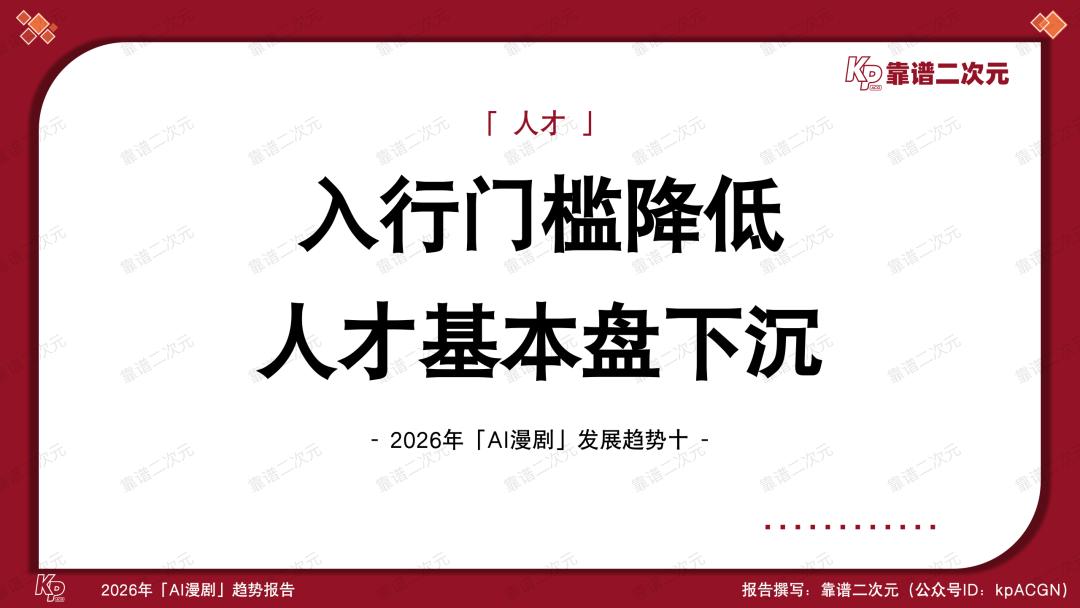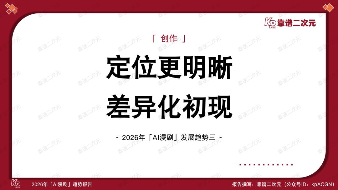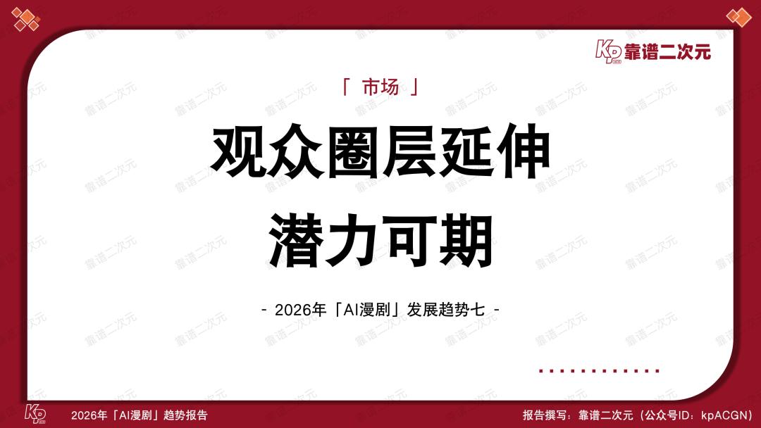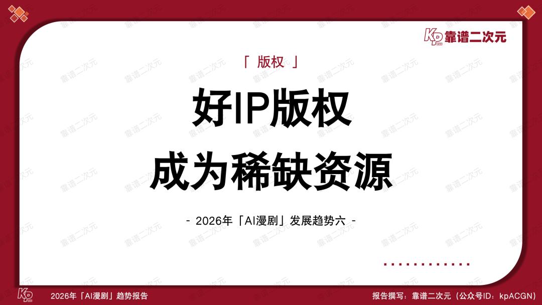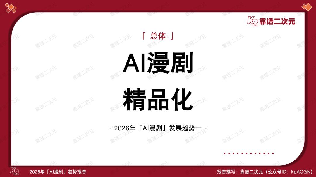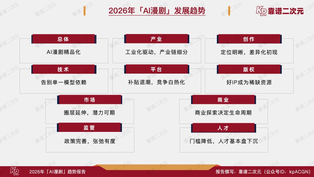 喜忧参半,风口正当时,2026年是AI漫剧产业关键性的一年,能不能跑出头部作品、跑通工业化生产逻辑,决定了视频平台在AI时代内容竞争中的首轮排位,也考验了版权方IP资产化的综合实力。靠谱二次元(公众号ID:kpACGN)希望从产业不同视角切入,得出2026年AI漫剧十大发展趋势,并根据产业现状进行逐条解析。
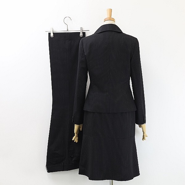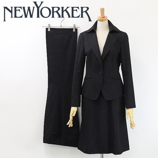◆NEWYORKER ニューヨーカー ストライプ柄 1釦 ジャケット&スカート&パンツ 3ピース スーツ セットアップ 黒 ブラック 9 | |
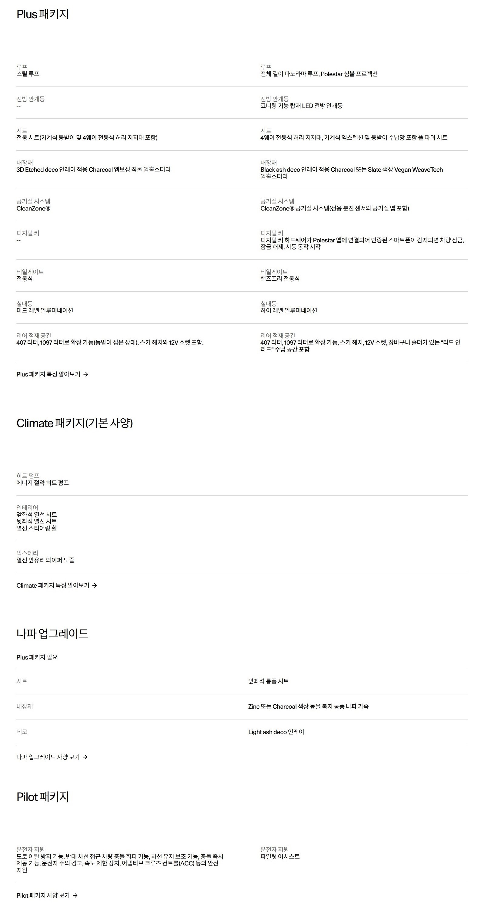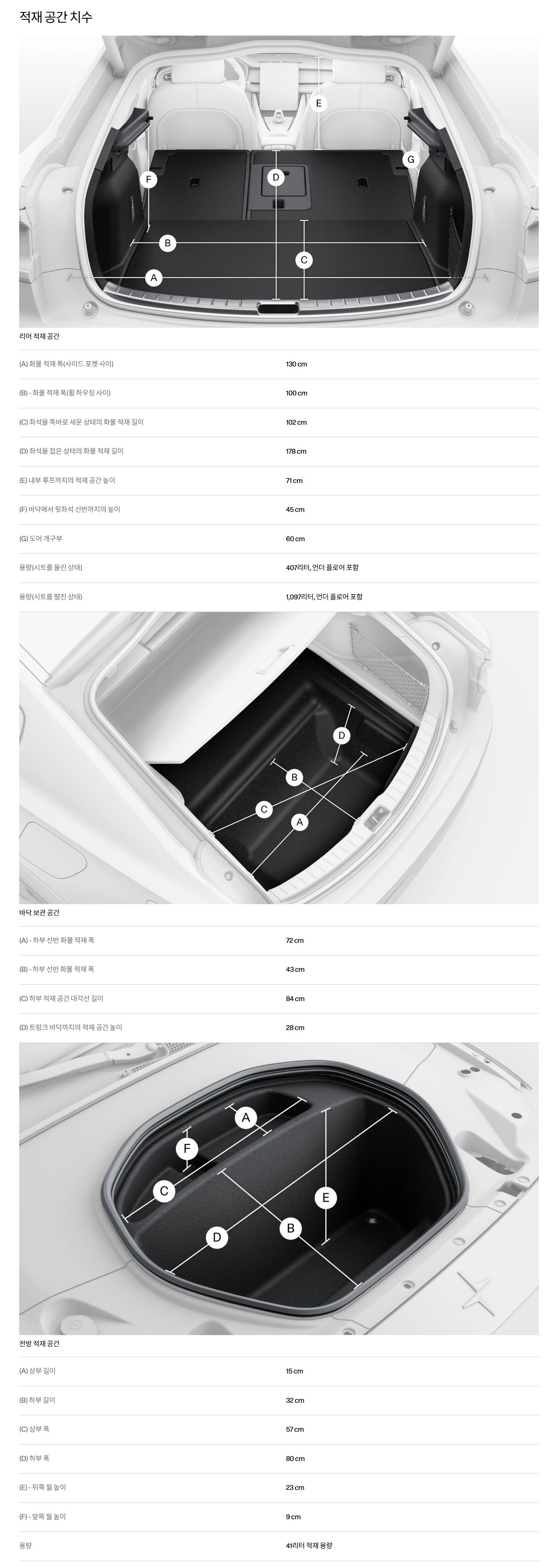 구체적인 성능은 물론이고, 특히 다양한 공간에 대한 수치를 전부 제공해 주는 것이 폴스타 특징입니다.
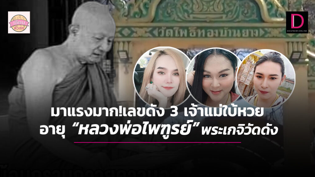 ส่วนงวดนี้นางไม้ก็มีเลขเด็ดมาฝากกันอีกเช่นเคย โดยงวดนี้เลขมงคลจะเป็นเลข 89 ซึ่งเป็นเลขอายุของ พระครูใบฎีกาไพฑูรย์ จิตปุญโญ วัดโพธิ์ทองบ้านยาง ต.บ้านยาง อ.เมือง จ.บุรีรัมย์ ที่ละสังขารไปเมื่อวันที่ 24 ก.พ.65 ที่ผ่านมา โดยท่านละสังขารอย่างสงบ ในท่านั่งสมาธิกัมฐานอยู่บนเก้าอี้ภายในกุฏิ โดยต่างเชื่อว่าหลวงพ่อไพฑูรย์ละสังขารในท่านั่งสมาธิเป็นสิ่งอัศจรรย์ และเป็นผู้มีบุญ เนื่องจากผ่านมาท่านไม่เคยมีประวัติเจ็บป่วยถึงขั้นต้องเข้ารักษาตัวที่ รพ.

...

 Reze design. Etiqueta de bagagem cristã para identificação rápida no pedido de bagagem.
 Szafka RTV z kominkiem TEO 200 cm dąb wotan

* * *

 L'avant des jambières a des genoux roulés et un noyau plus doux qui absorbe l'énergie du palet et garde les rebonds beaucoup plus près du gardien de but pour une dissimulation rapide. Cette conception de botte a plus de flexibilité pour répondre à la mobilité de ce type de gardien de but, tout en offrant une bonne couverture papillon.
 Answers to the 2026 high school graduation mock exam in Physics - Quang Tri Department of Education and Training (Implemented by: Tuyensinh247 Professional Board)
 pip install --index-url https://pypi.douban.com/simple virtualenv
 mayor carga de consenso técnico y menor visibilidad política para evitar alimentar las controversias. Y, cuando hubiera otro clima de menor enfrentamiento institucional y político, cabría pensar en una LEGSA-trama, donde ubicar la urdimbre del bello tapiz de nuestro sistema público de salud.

» **WHAT YOU ARE ASKED TO DO**: Give again, exactly as written above, every line from the one holding "喜忧参半,风口正当时,202" to the one holding "구체적인 성능은 물론이고, 특히", with both ends kept and the pictures left out.

» **OUTPUT**:
 喜忧参半,风口正当时,2026年是AI漫剧产业关键性的一年,能不能跑出头部作品、跑通工业化生产逻辑,决定了视频平台在AI时代内容竞争中的首轮排位,也考验了版权方IP资产化的综合实力。靠谱二次元(公众号ID:kpACGN)希望从产业不同视角切入,得出2026年AI漫剧十大发展趋势,并根据产业现状进行逐条解析。
◆NEWYORKER ニューヨーカー ストライプ柄 1釦 ジャケット&スカート&パンツ 3ピース スーツ セットアップ 黒 ブラック 9 | |
 구체적인 성능은 물론이고, 특히 다양한 공간에 대한 수치를 전부 제공해 주는 것이 폴스타 특징입니다.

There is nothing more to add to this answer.